No, the truth is it never really eventuated the way we (the IT industry) had envisaged. End users just don’t get fully normalised data structures. FWIW, most people I work with probably don’t understand why 25,000,000 + NULL == NULL so how did we ever expect users to? Oh and let’s not forget the IT manager who has enough knowledge of the system to be dangerous. He has a big picture of the database schema on his wall and knows just enough SQL to build queries that do multiple table scans over the millions of rows of inventory data, causing the DBMS to not so quietly tell every other use of the system to please get nicked :-) The plain fact is that writing reports typically requires as much help from IT infrastructure as to make it an IT task.

So now that Business Rules are looking more cylindrical with that silver sheen each day, some of us naively believe that our so called “Business Users” should be able to code up/modify rules for direct inclusion into a production system all by themselves. To me, this is an even bigger problem than reporting.

All the problems that plague end-user reporting apply. Users don’t understand our lovely, normalised, domain model. They surely don’t understand why they get a NullPointerExceptions when adding numbers. And when it comes to knowing the difference between and and or you can forget it!

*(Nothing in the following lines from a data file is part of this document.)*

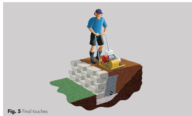
Fig. 5 Final touches

As each layer is finished, backfill with free drainage aggregate extending out 150mm for Eziwall/Sedona Stone and Garden Wall. 300mm for Country Manor and compact. Do not use topsoil or clay material as backfill. As you build your wall, fill the cavity behind it. Ensure all cavities within each unit and gaps between are filled with free drainage aggregate. Backfilling and compaction should be carried out in 150mm to 200mm layers (see Fig.4).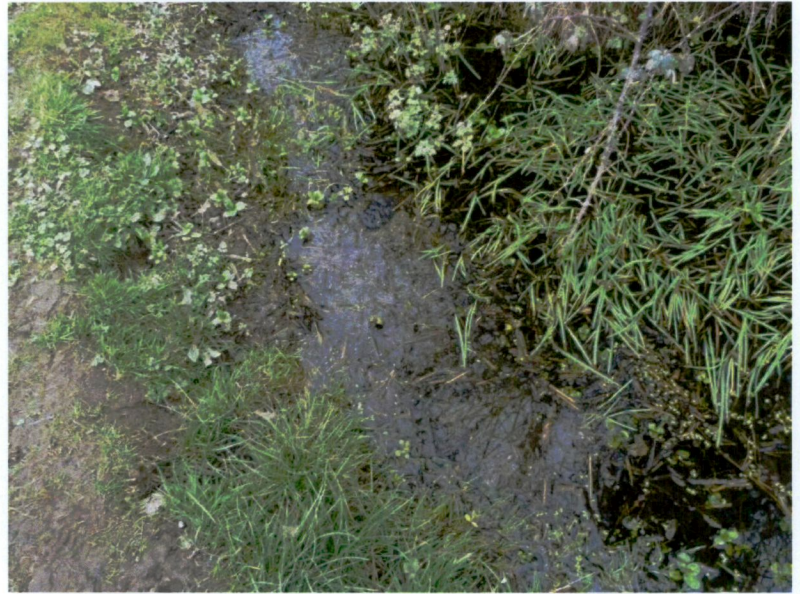
Plate 14. One of the larger pools that had formed along wet ditches and drains in the survey area. Frog spawn was present at this pool in March 2021.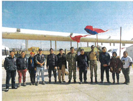
On 23 February 2023, the PEMAT field hospital was visited by the contingents from the Malaysian Field Hospital to share knowledge in field hospital management.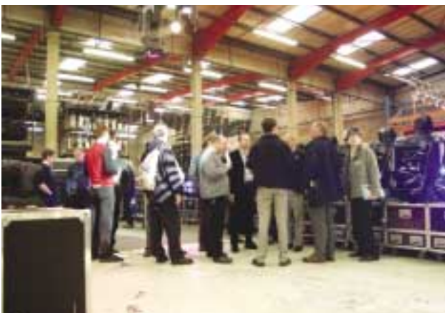
Visitors on tour. The new facility provides a total of 45,000 square feet of office and warehouse space.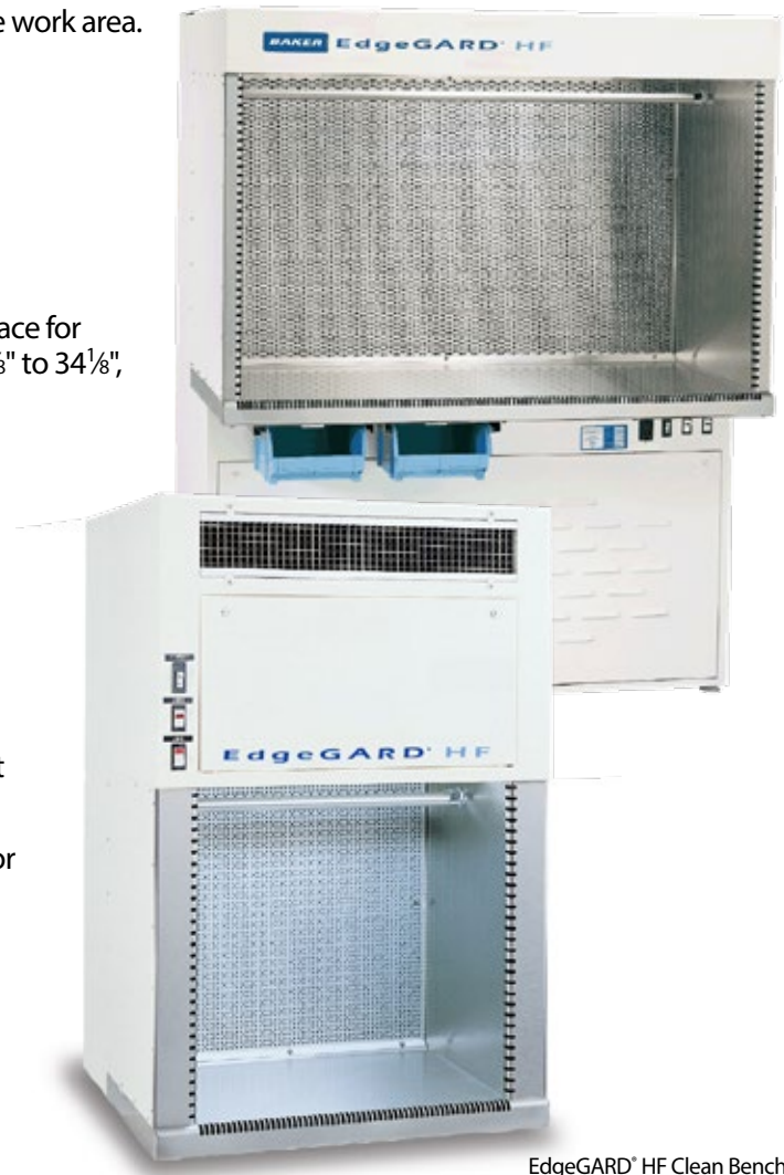
EdgeGARD® HF Clean Benches

NOTE: EdgeGARD clean benches protect product only. They are not designed to contain aerosols generated in the work area and do not protect personnel or the environment.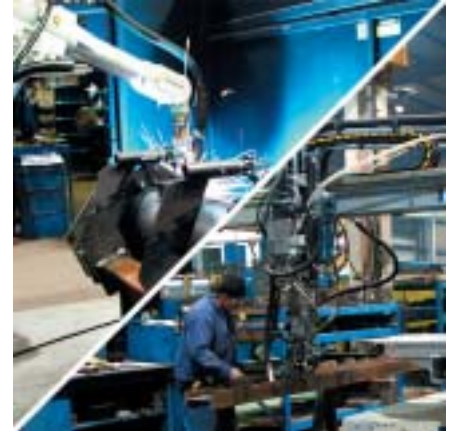
Programmable robotic welding ensures quality fabrication.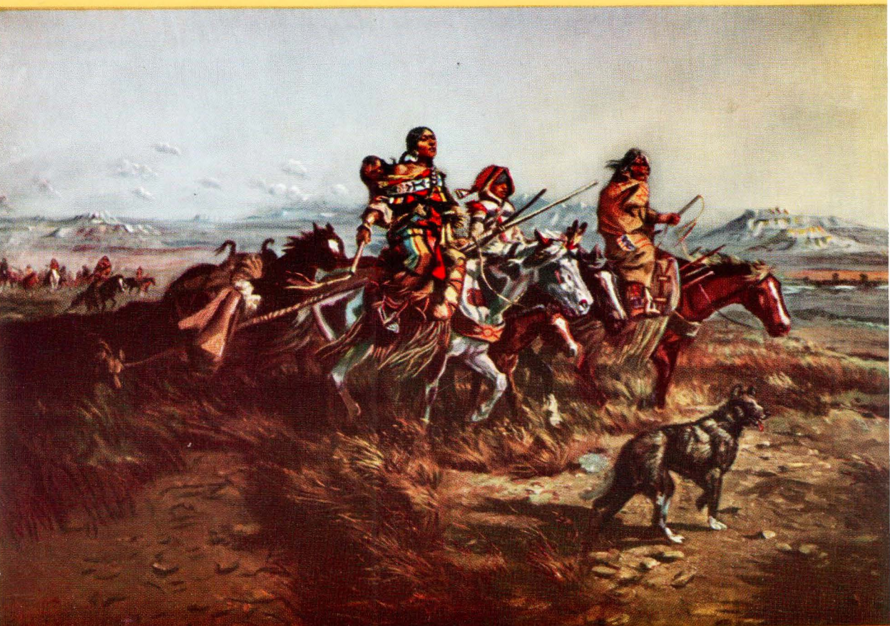
INDIAN WOMEN MOVING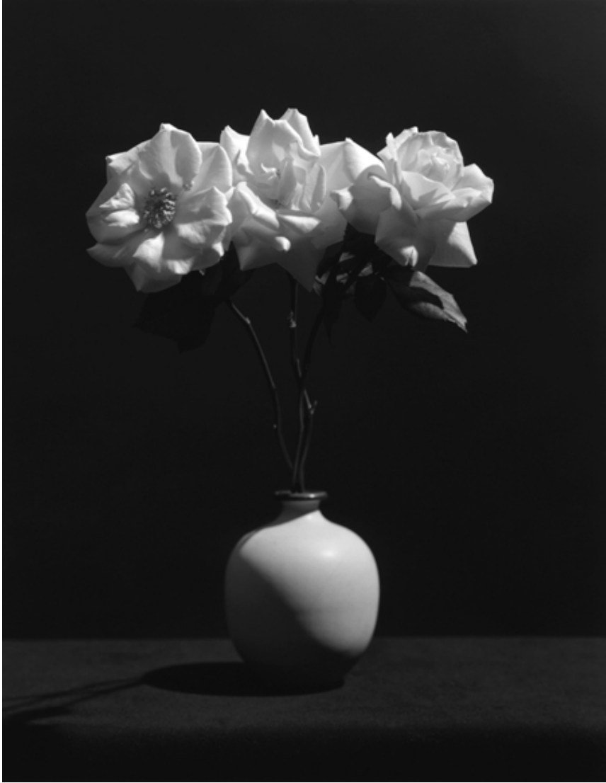
Rose 1983 Silver gelatin print 48 x 38 cm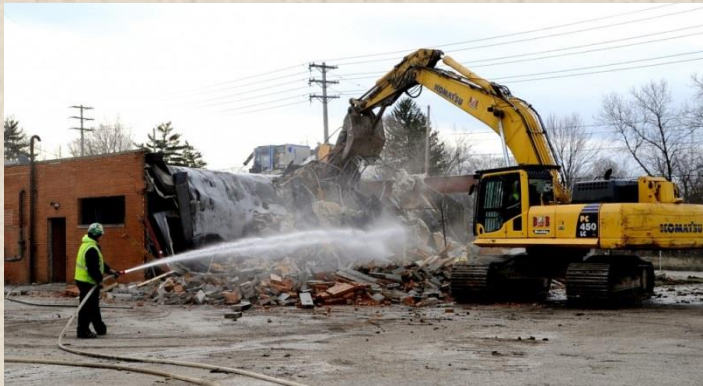
Heinen's Expansion – Warrensville Hts., Ohio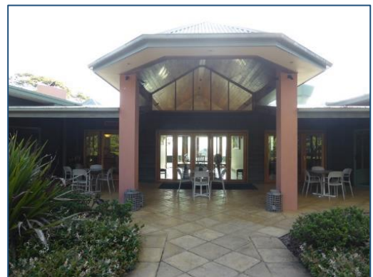
The main entrance to Biram House

Our Monday get-together lunches were held at the Mooney Mooney Club in Kowan Road in 2017 and then at the Mangrove Mountain Memorial Club and Golf Course in Hallards Road, Central Mangrove in 2018. Both venues were excellent, with the latter having the additional advantage of being only 10 minutes south of Noonaweena.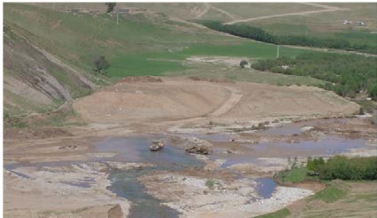
Fig. 12: View of the sediments of the surface of Herod River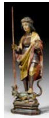
A164 / 1036 SAINT GEORGE, late gothic, Southern Tyrol, circa 1520.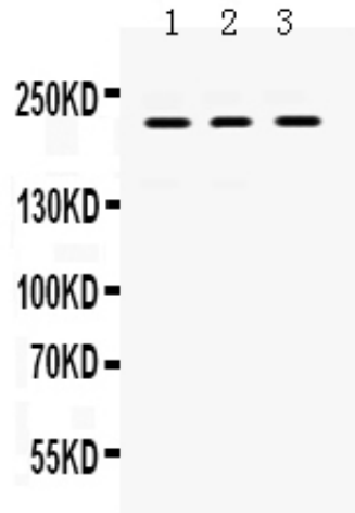
Anti- CD45 Picoband antibody, ABO12471, Western blotting All lanes: Anti CD45 (ABO12471) at 0.5ug/ml Lane 1: JURKAT Whole Cell Lysate at 40ug Lane 2: HL-60 Whole Cell Lysate at 40ug Lane 3: K562 Whole Cell Lysate at 40ug Predicted bind size: 220KD Observed bind size: 220KD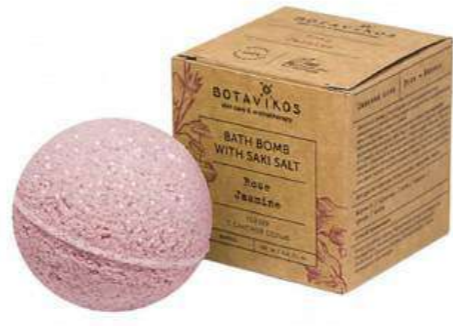
Kraft Bath Bomb Boxes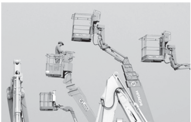
A worker stands on a crane which is parked at a construction site at Keihin industrial zone in Kawasaki, south of Tokyo on 22 Oct, 2008.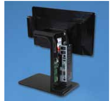
Easy Access to Ports – Easily Replace SSD and RAM Without Tools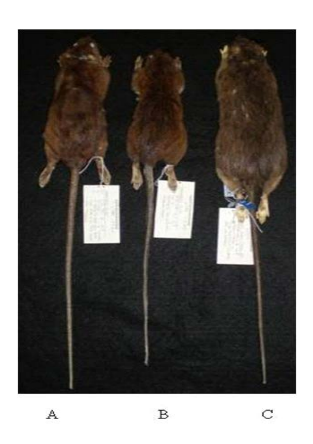
Figure 1b. View of skin of L. diwangkarai sp nov from Bukit baka West Kalimantan (A), Pemantang Central Kalimantan (B) and Cibodas West Jawa (C)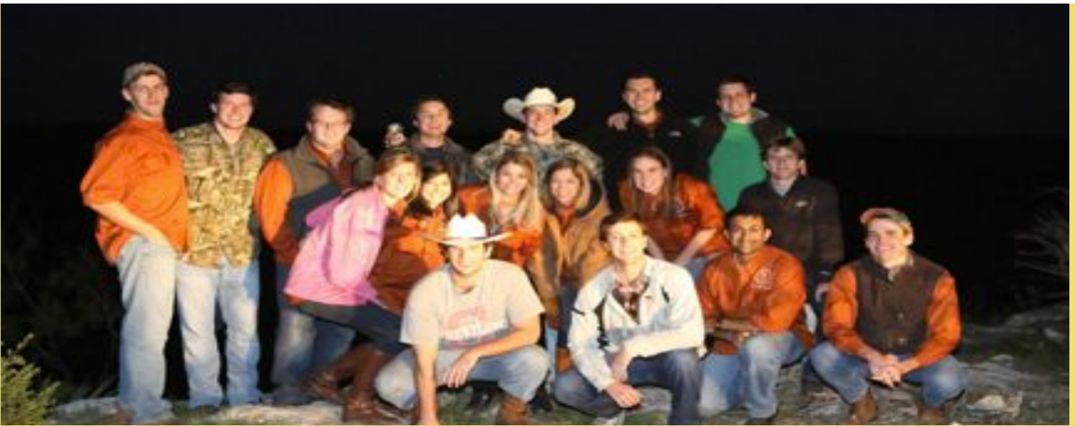
TJOGEL Board Retreat, November 2013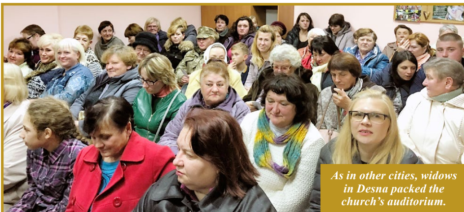
As in other cities, widows in Desna packed the church’s auditorium.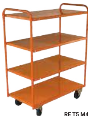
RE T5 M4GPFM64

The same as the Light Model 'G' with a reinforced base to accommodate a heavier wheel selection. Equipped with four (two fixed, 2 swivel) 150mm rubber wheeled castors.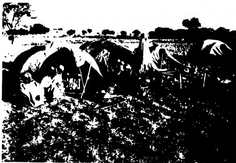
Gipsy encampment near Wah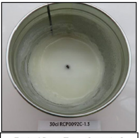
End of Burn Top - Sample 3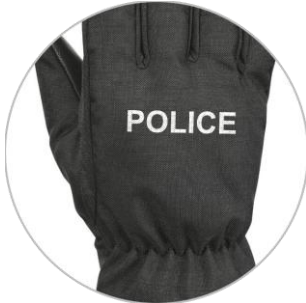
possibility of individual printing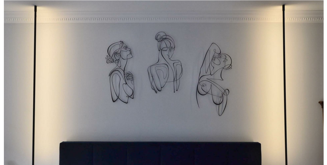
Orchard House, 2 Main Street, Osgathorpe, Leicestershire, LE12 9TA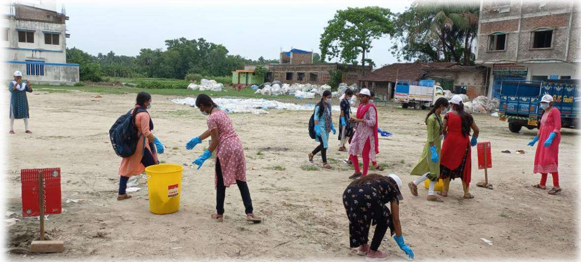
Photograph of Swachh Bharat: Clean India Mission Campaign

Place: Kulberia Bhimpur Fair ground Date: 06.04.2023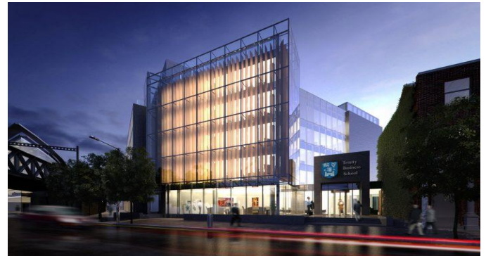
Figure 1 – CGI of TBS from Pearse Street

Members from the academic and estates staff from TCD and Invicara have explored how the Digital Twin can be expected to deliver defined outcomes, through the application of 3D models produced from BIM authoring tools which will serve as a "seed" to create a Digital Twin, in combination with information from other data sources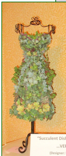
"People's Choice" winner at Placement Show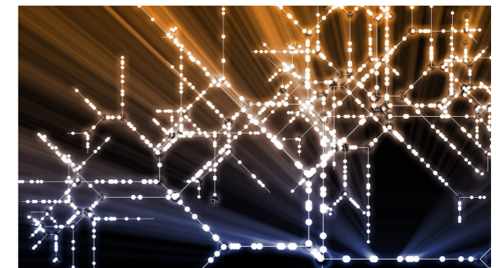
Social networks, the Internet, and urban networks are all complex systems...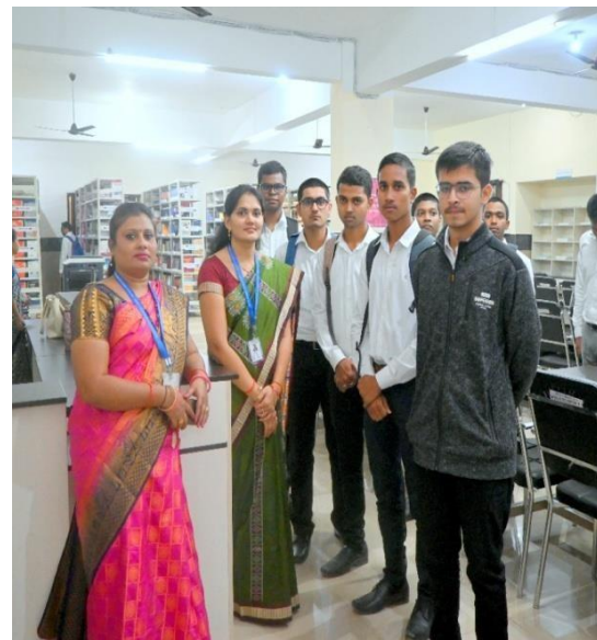
Visit To Library

What’s worse is that Business Rules are used directly by the application to “reason” on appropriate behaviour. By comparison, with the exception of the table scan problem and of course any bad decisions that might be made based on incorrect data, reporting seems rather innocuous.

Now, if I said to the man (and in this case yes it is a man) who writes the cheques, hey how about we don’t test any of this code before we put it into production, I’d get the sack immediately. And quite rightly so I might add. Application components interact in subtle and non-obvious ways that necessitate large-scale unit/functional and integration testing. Business rules are no different. Actually they can be worse. We have many years of collective experience managing essentially procedural languages such as Java, C, C++, etc. Most developers I know think a lisp is a speech impediment and surely wouldn’t know a prolog if they tripped over one :-)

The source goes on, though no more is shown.